**Problem statement**
Extract every line between the one with "Розетка IEK BRITE" and the end of the entries, both included, word for word and free of pictures.

------ Available records

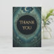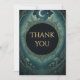 Envoyez votre gratitude avec une élégance gothique. Cette carte de remerciement Mascarade au clair de lune présente des tons noirs foncés, du texte doré et des détails célestes — parfaite pour les fêtes d'Halloween et les événements au clair de lune.
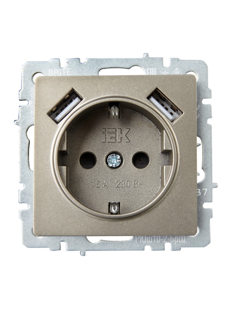 Розетка IEK BRITE с с/з и шторками 16А с USB A+A 3,1А РЮш10-2-БрШ шампань BR-R14-16-U21-D31-K37 по цене 2 822 руб. с фотографией и техническими характеристиками. Для покупки товара нажмите кнопку "Купить" и перейдите в корзину или позвоните по телефону 8 (495) 585 32 60 или 8 (800) 222 23 53.
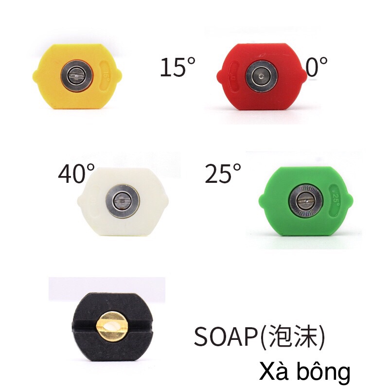 Combo bộ súng rửa xe áp lực cao kèm 5 đầu béc tiện lơi . 0 độ, 15 độ, 25 độ, 40 độ và 1 béc xà bôngGiá REAL
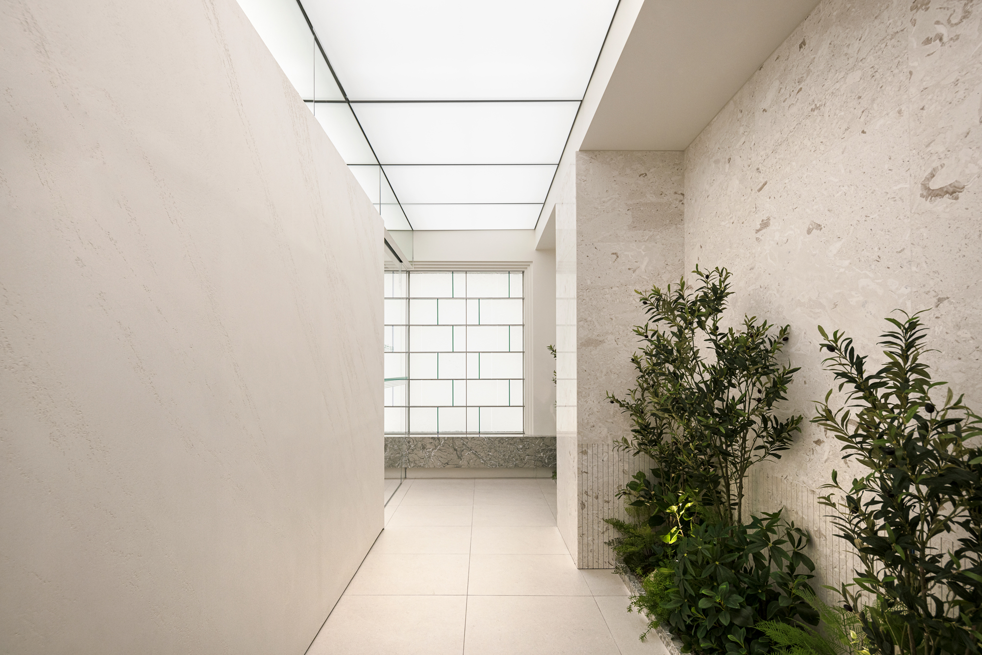 Signature glass panels at the main wall create a strong first impression and unfold into varied expressions as clients move through the space.
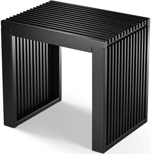 Bambou Banc - Banc en Bois - 45 x 33 x 43 cm - Meuble Salle De Bain Rangement - Meuble D'entrée - Meuble Entree - Meubles De Salon - Meuble Salon (Noir)
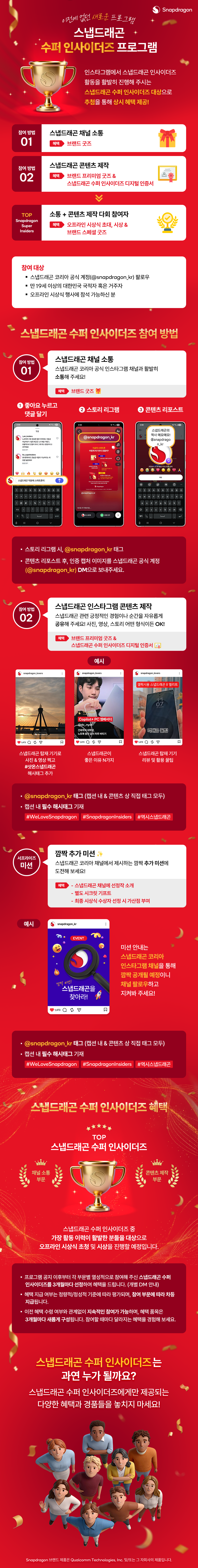 ▪️ 스냅드래곤 수퍼 인사이더즈 중 활동 이력이 활발한 분들을 대상으로 오프라인 시상식 초청 및 시상을 진행할 예정입니다.
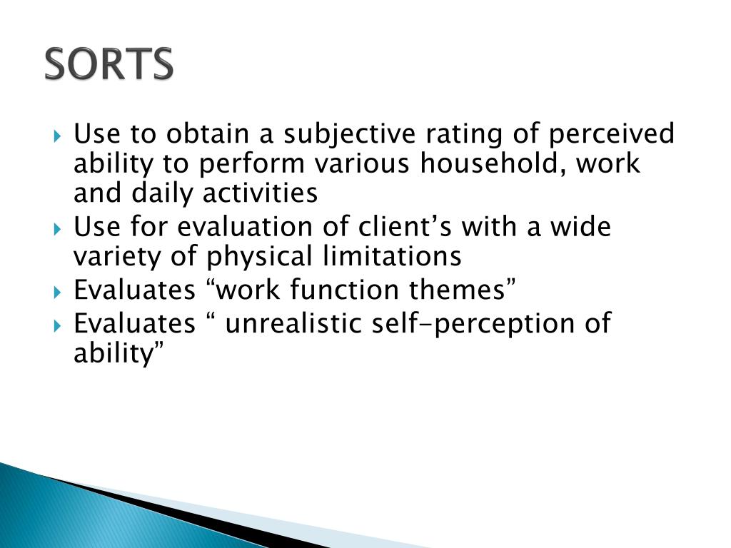 SORTS • Use to obtain a subjective rating of perceived ability to perform various household, work and daily activities • Use for evaluation of client’s with a wide variety of physical limitations • Evaluates “work function themes” • Evaluates “ unrealistic self-perception of ability”

------------

**Expected answer**
 Розетка IEK BRITE с с/з и шторками 16А с USB A+A 3,1А РЮш10-2-БрШ шампань BR-R14-16-U21-D31-K37 по цене 2 822 руб. с фотографией и техническими характеристиками. Для покупки товара нажмите кнопку "Купить" и перейдите в корзину или позвоните по телефону 8 (495) 585 32 60 или 8 (800) 222 23 53.
 Combo bộ súng rửa xe áp lực cao kèm 5 đầu béc tiện lơi . 0 độ, 15 độ, 25 độ, 40 độ và 1 béc xà bôngGiá REAL
 Signature glass panels at the main wall create a strong first impression and unfold into varied expressions as clients move through the space.
 Bambou Banc - Banc en Bois - 45 x 33 x 43 cm - Meuble Salle De Bain Rangement - Meuble D'entrée - Meuble Entree - Meubles De Salon - Meuble Salon (Noir)
 ▪️ 스냅드래곤 수퍼 인사이더즈 중 활동 이력이 활발한 분들을 대상으로 오프라인 시상식 초청 및 시상을 진행할 예정입니다.
 SORTS • Use to obtain a subjective rating of perceived ability to perform various household, work and daily activities • Use for evaluation of client’s with a wide variety of physical limitations • Evaluates “work function themes” • Evaluates “ unrealistic self-perception of ability”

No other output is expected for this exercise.